Lan Luo & Teague Henry
November 7, 2018
CS-GIMME
Confirmatory Subgroup GIMME enables researches to conduct GIMME both on the entire group as well as within predefined (e.g., observed) subgroups, such as clinical populations or biological sex. This allows for researchers to identify aspects of dynamic processes that are shared across the subgroups (i.e., group-level paths) as well as how the subgroups differ (i.e., subgroup-level paths). This document is a brief tutorial on using CS-GIMME, and contains several functions for extracting paths that replicate across people within a subgroup.
A sample dataset can be found at https://github.com/kgates/gimme/blob/master/Example%20Data.zip. In this dataset, each separate file is for each individual/session, each variable is a column and the rows are the observations. Following setting up the GIMME directories and organizing one’s variable timeseries, to use CS-GIMME, one needs to create an additional data frame that contains the subgroup information. This data frame must contain two columns. The first column contains the names of each subject variable timeseries file, sans extension. For example, for our sample dataset, the first time series file is labeled ‘group_1_1.txt’, the correct labeling in the data frame would be ‘group_1_1’. The second column contains integer valued subgroup labels. A dataframe that contains the subgroup information for our sample dataset can be made using the following code:
require("tools") #needed to get file names sans extension
# get filenames in the folder without extension
filename <- file_path_sans_ext(list.files(path = "t_120_n_25_v_5", full.names = FALSE))
# Create subgroup vector of subgroup assignments; one per person
subgroup <- c(1,1,1,1,1,1,1,1,1,1,1,1,2,2,2,2,2,2,2,2,2,2,2,2,2)
# Create the dataframe
confirm_dataframe <- data.frame(filename, subgroup)

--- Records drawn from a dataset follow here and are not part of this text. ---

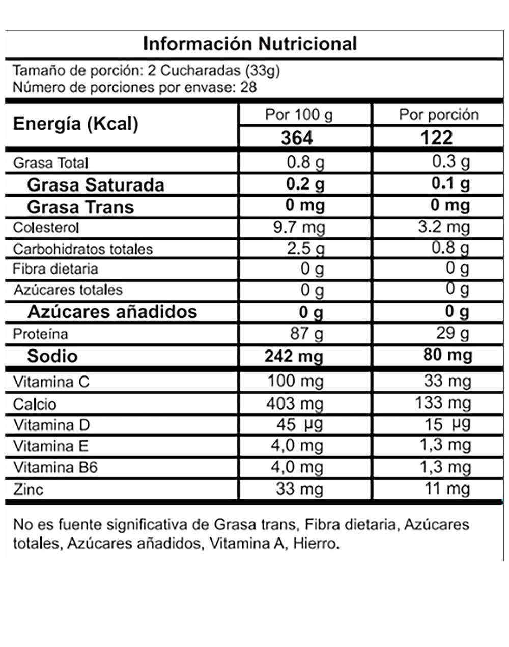 Ingredientes: Aislado de proteína de suero, sabor naturalmente idéntico (vainilla blanca), carboximetilcelulosa CMC (estabilizador), lecitina de soya (estabilizador), goma xantana (espesante), dióxido de silicio (antiaglomerante) (1000 mg/kg), citrato de zinc, vitamina C (ácido ascórbico), edulcorante natural (stevia), vitamina B6 (piridoxina), vitamina E, vitamina D; contiene: leche y soya.
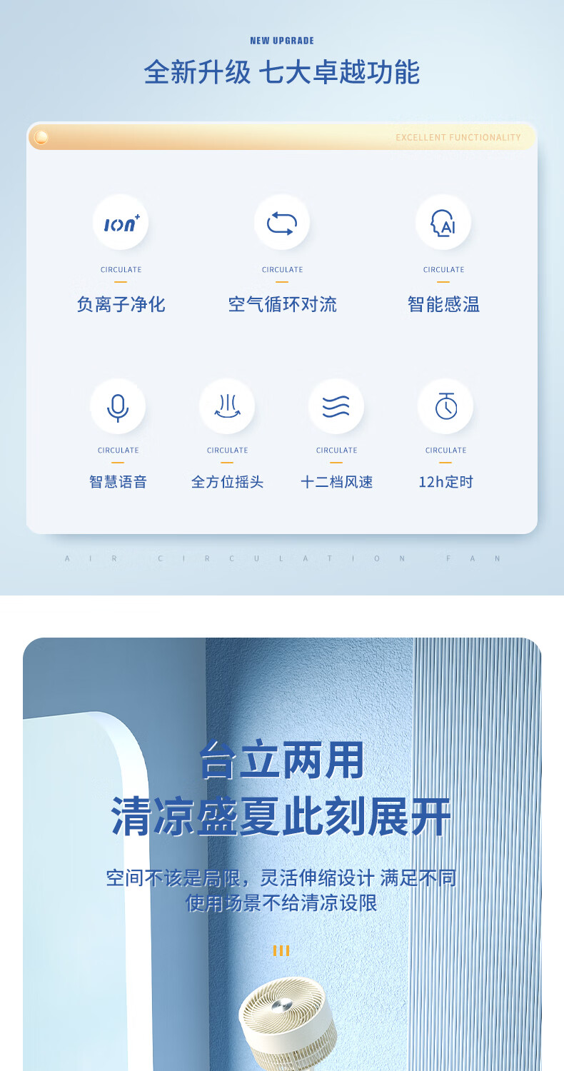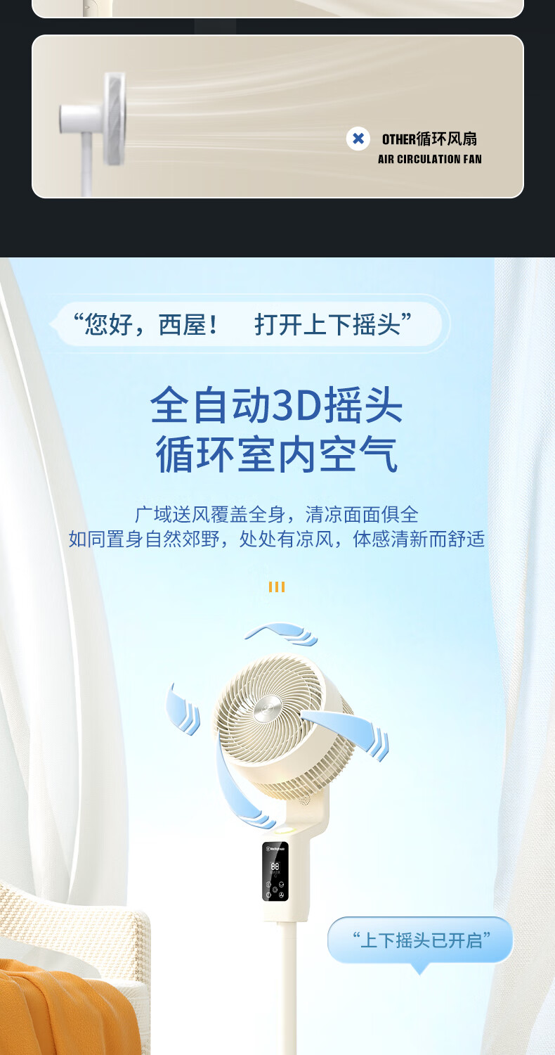 【西屋台立两用循环扇】西屋(Westinghouse)空气循环扇家用电风扇大风量落地扇静音低噪电扇台立两用风扇换气扇宿舍卧室客厅排风扇WTH-XH025 白色
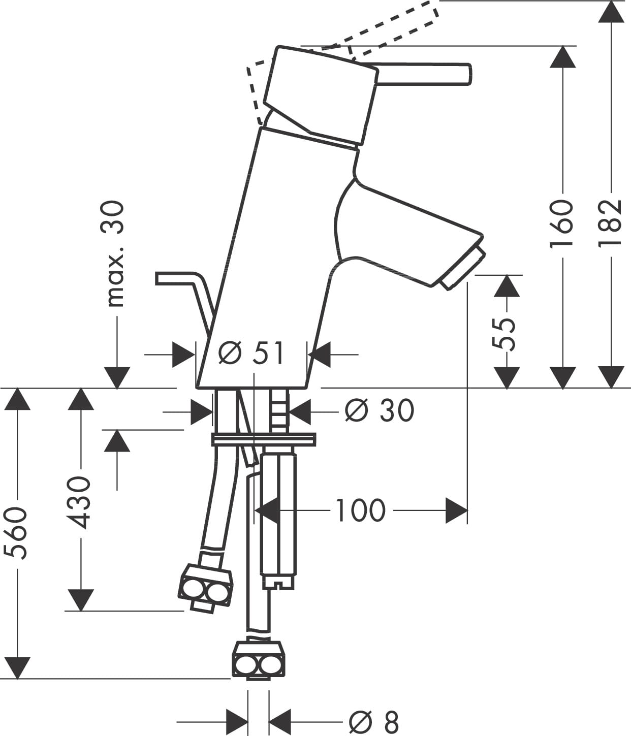 Prosta instalacja: Baterię można połączyć za pomocą elastycznych węży przyłączeniowych (G ⅜) do przyłącza wody (wymiar: DN15)
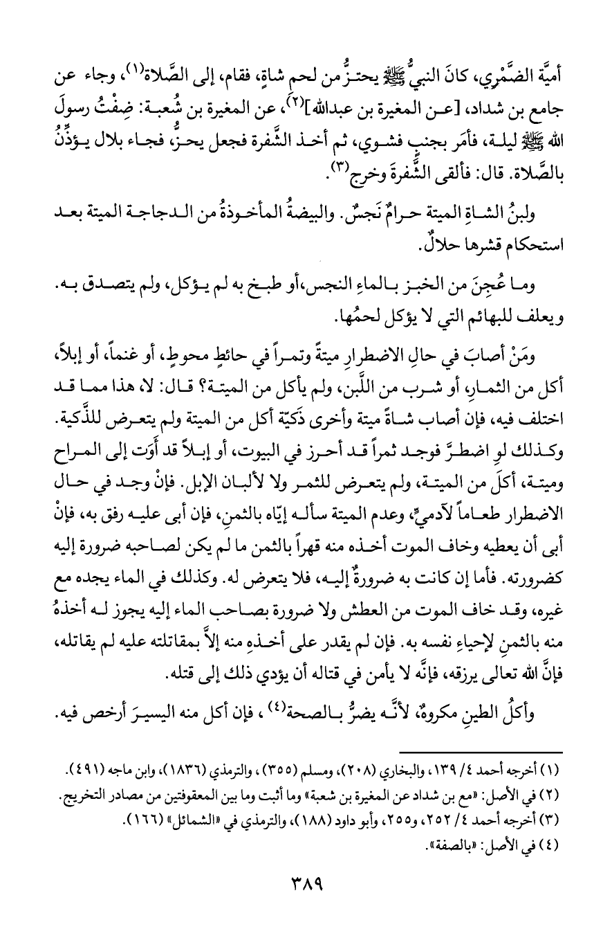 أمية الضَّمري, كان النبي صلى الله عليه وسلم يحتز من لحم الشاة, فقام, إلى الصلاة, وجاء عن جامع بن شداد, عن المغيرة بن عبدالله, عن المغيرة بن شعبة: ضِفتُ رسول الله صلى الله عليه وسلم ليلة, فأمر بجنب فشوي, ثم أخذ الشفرة فجعل يحز, فجاء بلال يؤذن بالصلاة. قال: فألقى الشفرة وخرج.
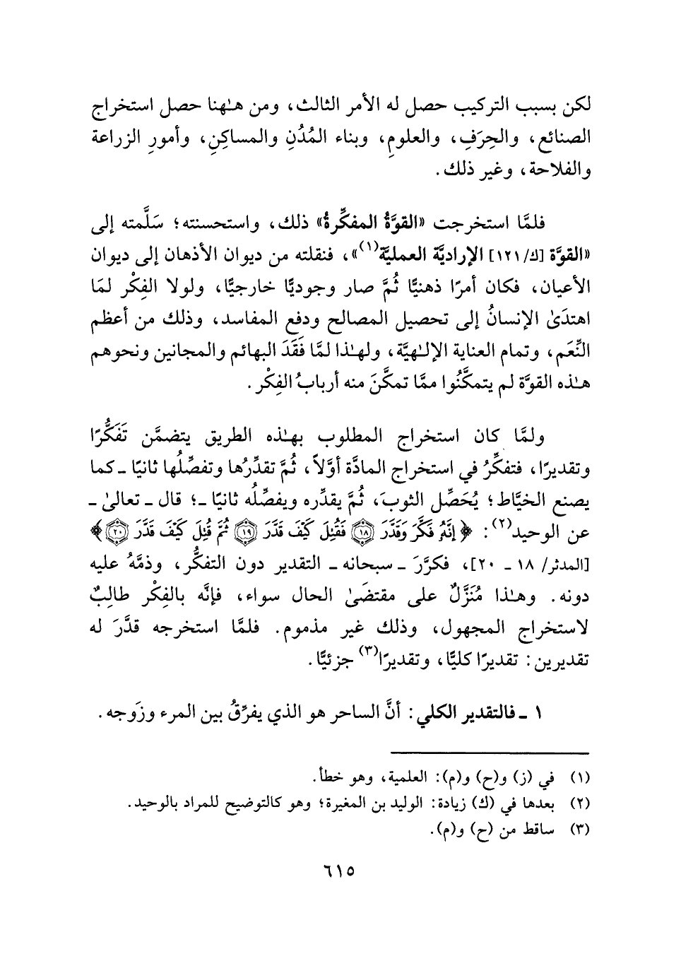 ولمَّا كان استخراج المطلوب بهذه الطريق يتضمَّن تَفَكُّرًا وتقديرًا، فتفكِّرُ في استخراج المادَّة أوَّلًا، ثُمَّ تقدِّرُها وتفصِّلُها ثانيًا - كما يصنع الخيَّاط؛ يُحَصِّل الثوبَ، ثُمَّ يقدِّره ويفصِّلُه ثانيًا -؛ قال - تعالى - عن الوحيد (¬٢): {إِنَّهُ فَكَّرَ وَقَدَّرَ (١٨) فَقُتِلَ كَيْفَ قَدَّرَ (١٩) ثُمَّ قُتِلَ كَيْفَ قَدَّرَ (٢٠)} [المدثر: ١٨ - ٢٠]، فكرَّرَ - سبحانه - التقدير دون التفكُّر، وذمَّهُ عليه دونه. وهذا مُنَزَّلٌ على مقتضَى الحال سواء، فإنَّه بالفِكْر طالِبٌ لاستخراج المجهول، وذلك غير مذموم. فلمَّا استخرجه قدَّرَ له تقديرين: تقديرًا كليًّا، وتقديرًا (¬٣) جزئيًّا.
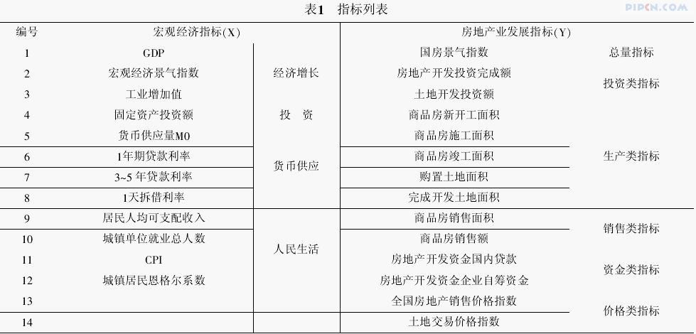 衡量宏观经济及房地产业发展状况的指标很多,本文从经济增长、社会投资、货币供应及人民生活状况等四个方面选择宏观经济指标;从总量指标、投资类指标、生产类指标、交易类指标、资金类指标及价格类指标六个层面选择房地产业发展指标。
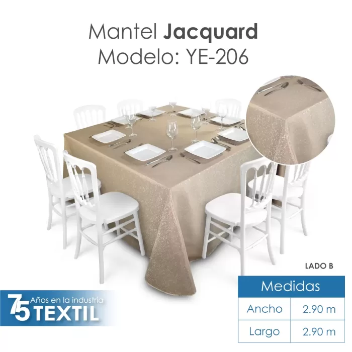 La calidad del mantel Jacquard no solo se ve en su diseño, sino también en su durabilidad. Resiste el desgaste, las manchas y los lavados frecuentes, lo que asegura que se mantenga en perfectas condiciones durante mucho tiempo. Esto lo convierte en una opción ideal para quienes buscan una inversión duradera para sus eventos.
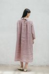 重なった小さな襟はバックでボタンでとめる仕様。一枚でさらりと着るのはもちろん、小物次第ではきちんとした場面にも。
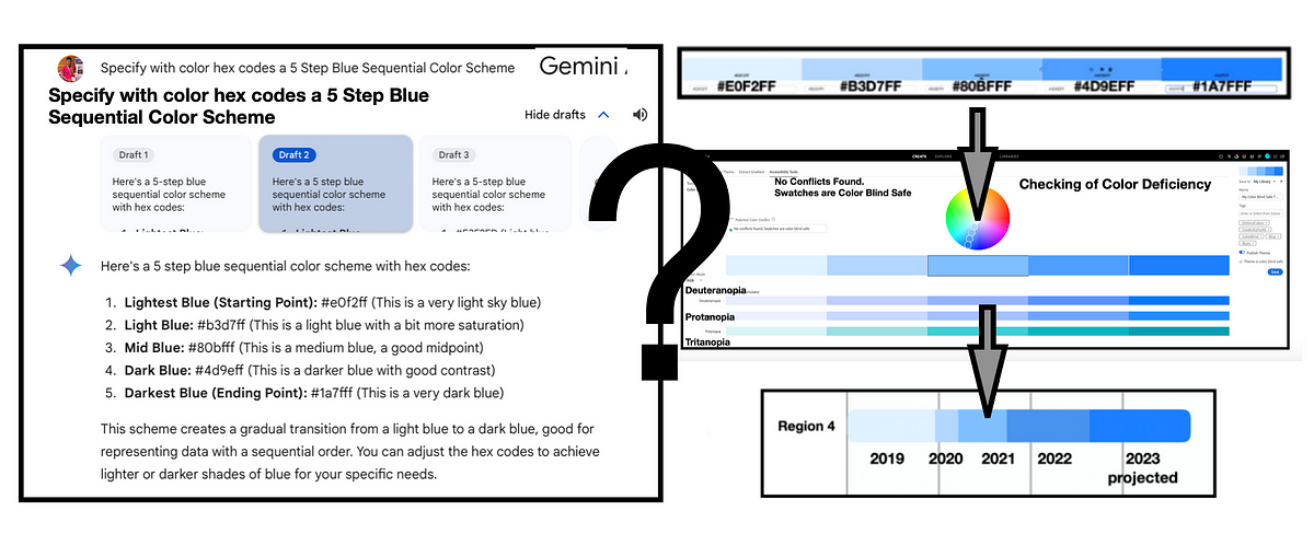 In this writing, I explore Gemini, Google’s AI chatbot, for sequential data color scheme suggestions. Google Gemini is a generative AI…
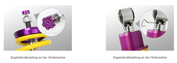 Je nach Fahrzeugtyp werden die Zugstufenventile der KW Zweirohrdämpfer am oberen Ende der Kolbenstange über ein integriertes Einstellrädchen oder dem im Lieferumfang beinhalteten Aufsteck-Einstellrädchen abgestimmt. Indem Sie über das Einstellrädchen die Zugkraft erhöhen, verringern sich die Aufbaubewegungen an der Karosserie. Ihr Auto fährt sich dadurch spurtreuer und Sie haben bei erhöhten Kurvengeschwindigkeiten noch mehr Stabilität. Wechseln Sie beispielsweise die freigegebenen Rad/Reifenkombinationen Ihres Automobilhersteller für beispielsweise größere Felgen, können Sie mit dem KW Gewindefahrwerk Variante 2 "inox-line" mit der einstellbaren Zugstufe das Fahrverhalten Ihres Autos und Ihre neuen Leichtmetallräder perfekt aufeinander anpassen.
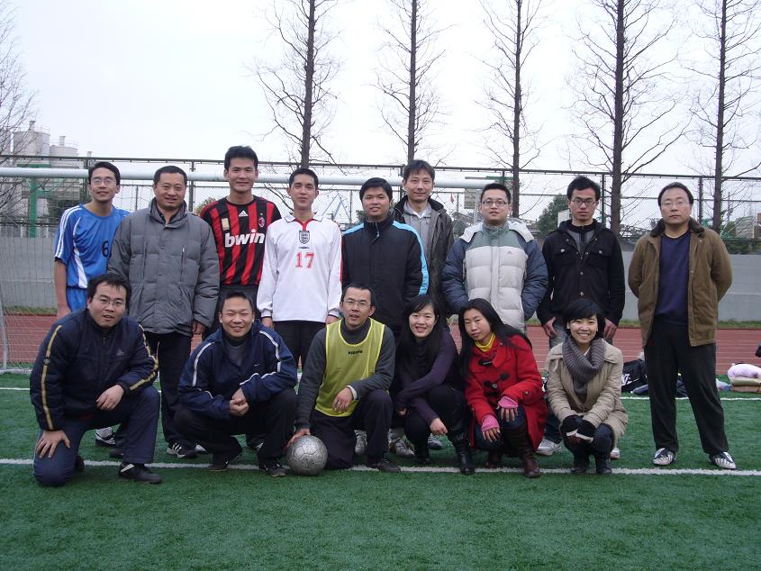 中国科大上海足球队合影,后排自左向右:贾梦雷(989)、牟志坚(796)、邓刚(8411)、吕宇涛(896)、赵晓武(97少)、陈华(868)、李晓伟(9810)、余海兵(SA08225)、尹宏(866) 后排自左向右:李凯(994)、陆超(88少)、江勇(86少)、罗菲菲(9811)、姜燕(0211)、王丽丽(SA0719)
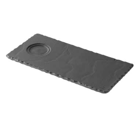 (BA0525) Tray, 9-3/4" x 4-3/4" x 1/4"H, rectangular, with 2" dia. espresso/cappuccino cup indent, safe for oven, microwave, freezer & dishwasher, flake & scratch resistant, non-porous porcelain, matt slate style, Basalt (US stocked item)
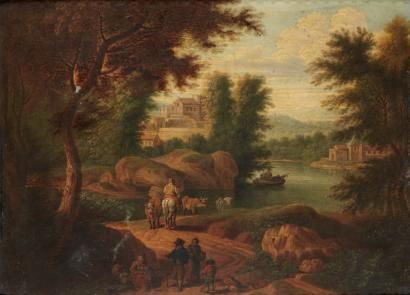 | Promeneurs et paysans sur un chemin le long d'une rivière | |
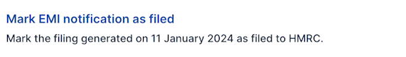 The Compliance centre will also prompt a reminder for administrators to mark the EMI Annual Return as Filed when they finish the notification to the HMRC.
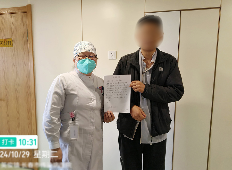 经治医副主任医师肖军每天与牛先生沟通,解答他的疑问,科普疾病知识及治疗方法。通过实际行动让牛先生认识到,这里没有任何偏见,全体医护人员会给予他平等的关怀与尊重。
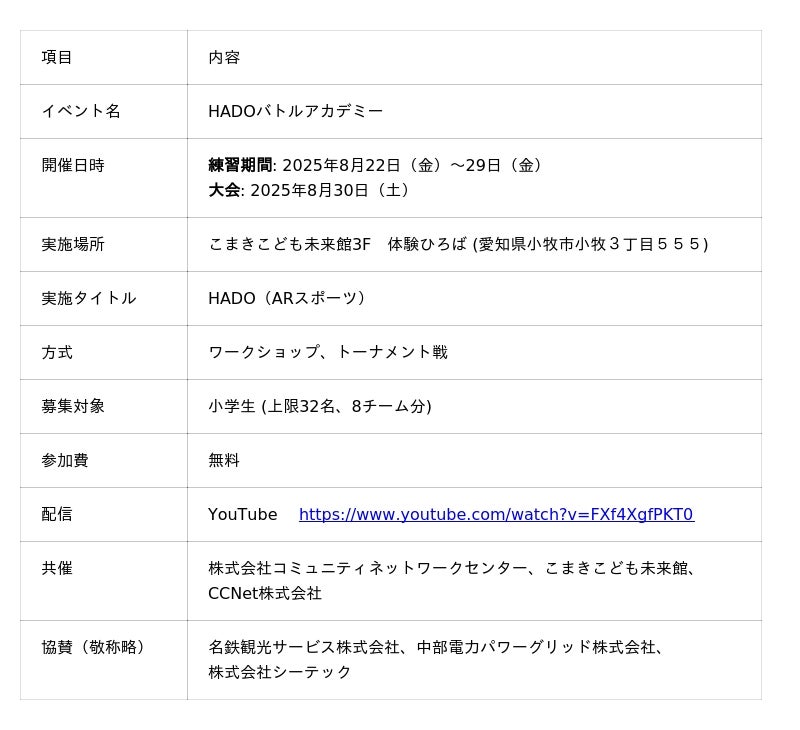 株式会社コミュニティネットワークセンター(本社:名古屋市東区、代表取締役社長:吉田和弘 以下「CNCI」)は、最新のAR(拡張現実)技術を活用したテクノスポーツ「HADO」で、未来を担う子どもたちの「創造力」「協働力」「適応力」「主体性」を育む活用パッケージ「HADOバトルアカデミー」の提案を11月27日より開始しました。
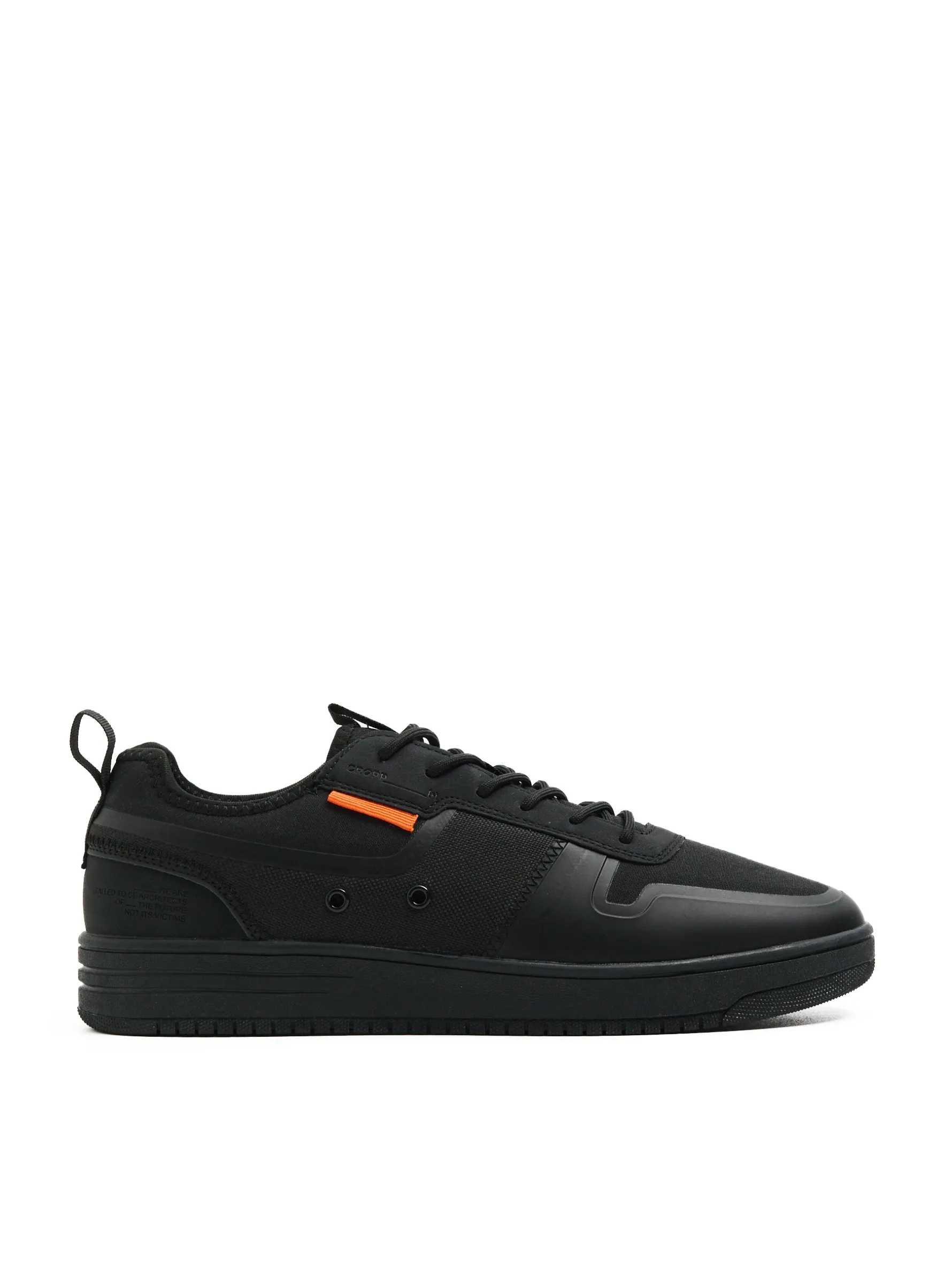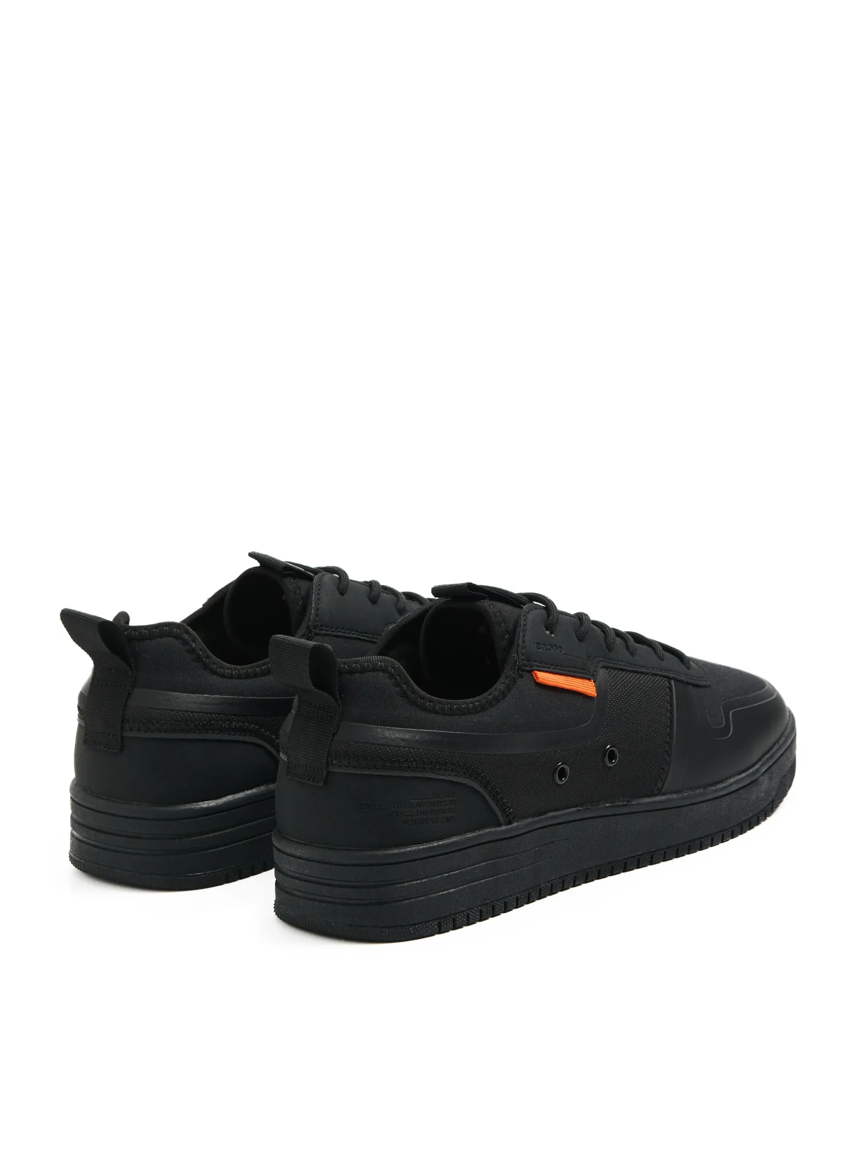 Sportowe męskie sneakersy uszyte z mieszanki tkanin w czarnym kolorze. Wyposażone w płaską podeszwę termoplastyczną o nieregularnym wzorze, która zapobiega ślizganiu się po powierzchni. lekkie sneakersy z łączonych materiałów sportowy fason wiązane na elastyczne, prążkowane sznurówki podeszwa z termoplastycznej gumy wygodne uchwyty do wkładania i zdejmowania butów ozdobne naszywki

Note that the subgroup memberships cannot be zero and must be positive integers.
When running CS-GIMME, this source folder should include nothing other than the time series data. The researcher can either specify an output directory (as shown below) or store the output as an object. Once the dataframe is created, CS-GIMME using this sample dataset can be run using the following code:
output <- gimme(data = 't_120_n_25_v_5', # source directory
out = 'SampleOutput', # output directory
sep = ",", # how data are separated
header = FALSE, # Logical; is there a header
subgroup = TRUE, # Must be TRUE to perform
# confirmatory subgrouping
confirm_subgroup = confirm_dataframe, # confirm_dataframe is
#the dataframe constructed above
groupcutoff = .75, # the proportion that is considered
# the majority at the group level
subcutoff = .75 # the proportion that is considered
# the majority at the subgroup level
)
Please note that the user can specify how many individuals must have a significant path for it to be considered the ‘majority’ of individuals. The argument ‘groupcutoff’ dictates this for the group-level paths; 0.75 is default and has worked well in a variety of simulation studies, but emerging evidence suggests that 51% may work well in contexts were there might be a low signal to noise ratio or low power to detect effects due to shorter time series length.
‘subcutoff’ dictates the proportion that is considered the majority for the subgroups. Studies have performed well with both 51% and 75% being of individuals being considered the majority.